“It did not melt my lead or my sounding-wire,” said he. And as he said these words her heart fell.
The temperature of this great perforation was taken at many points, and when Roland brought to Margaret the statement of the height of the mercury at the very bottom she was astounded and shocked to find that it was only eighty-three degrees.
“This is terrible!” she ejaculated.
“What do you mean?” he asked in surprise. “That is not hot. Why, it is only summer weather.”
But she did not think it terrible because it was so hot; the fact that it was so cool had shocked her. In such temperature one could live! A great source of trust and hope had been taken from her.
“Roland,” she said, sinking into a chair, “I don't understand this at all. I always thought that it became hotter and hotter as one went down into the earth; and I once read that at twenty miles below the surface, if the heat increased in proportion as it increased in a mine, the temperature must be over a thousand degrees Fahrenheit. Your instrument could not have registered properly; perhaps it never went all the way down; and perhaps it is all a mistake. It may be that the lead did not go down so far as you think.”

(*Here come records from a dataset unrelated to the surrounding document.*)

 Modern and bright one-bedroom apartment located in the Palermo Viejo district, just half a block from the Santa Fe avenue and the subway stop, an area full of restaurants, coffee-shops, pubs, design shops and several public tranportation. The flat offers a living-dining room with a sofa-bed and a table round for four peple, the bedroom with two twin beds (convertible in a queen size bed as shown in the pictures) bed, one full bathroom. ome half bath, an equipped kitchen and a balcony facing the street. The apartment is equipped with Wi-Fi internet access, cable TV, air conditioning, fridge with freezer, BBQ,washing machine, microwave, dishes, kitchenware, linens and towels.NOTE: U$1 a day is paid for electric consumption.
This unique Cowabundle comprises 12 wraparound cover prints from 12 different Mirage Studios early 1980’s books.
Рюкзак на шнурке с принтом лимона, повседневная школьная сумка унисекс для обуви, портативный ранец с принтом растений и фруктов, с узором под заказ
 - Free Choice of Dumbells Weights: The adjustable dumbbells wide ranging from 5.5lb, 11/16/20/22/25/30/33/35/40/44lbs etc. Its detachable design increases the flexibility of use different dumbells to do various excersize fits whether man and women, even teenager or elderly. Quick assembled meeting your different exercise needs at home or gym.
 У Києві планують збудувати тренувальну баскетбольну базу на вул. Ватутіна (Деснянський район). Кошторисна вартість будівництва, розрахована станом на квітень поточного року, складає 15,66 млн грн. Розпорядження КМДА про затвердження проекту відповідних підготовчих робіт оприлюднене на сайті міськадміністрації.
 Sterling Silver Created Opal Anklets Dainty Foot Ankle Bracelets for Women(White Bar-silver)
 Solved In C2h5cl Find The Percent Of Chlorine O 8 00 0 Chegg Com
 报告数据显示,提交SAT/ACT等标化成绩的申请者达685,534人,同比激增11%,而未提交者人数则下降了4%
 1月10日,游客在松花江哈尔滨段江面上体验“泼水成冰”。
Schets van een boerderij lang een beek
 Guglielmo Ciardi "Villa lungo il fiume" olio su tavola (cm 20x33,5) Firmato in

He smiled; he was becoming calmer now, for he was doing something: he was obtaining results.
“Those ideas about increasing heat at increasing depths are old-fashioned, Margaret,” he said. “Recent science has given us better theories. It is known that there is great heat in the interior of the earth, and it is also known that the transmission of this heat towards the surface depends upon the conductivity of the rocks in particular locations. In some places the heat comes very near the surface, and in others it is very, very far down. More than that, the temperature may rise as we go down into the earth and afterwards fall again. There may be a stratum of close-grained rock, possibly containing metal, coming up from the interior in an oblique direction and bringing the heat towards the surface; then below that there may be vast regions of other rocks which do not readily conduct heat, and which do not originate in heated portions of the earth's interior. When we reach these, we must find the temperature lower, as a matter of course. Now I have really done this. A little over five miles down my thermometer registered ninety-one, and after that it began to fall a little. But the rocks under us are poor conductors of heat; and, moreover, it is highly probable that they have no near communication with the source of internal heat.”
“I thought these things were more exact and regular,” said she; “I supposed if you went down a mile in one place, you would find it as hot as you would in another.”
“Oh no,” said he. “There is nothing regular or exact in nature; even our earth is not a perfect sphere. Nature is never mathematically correct. You must always allow for variations. In some parts of the earth its heated core, or whatever it is, must be very, very far down.”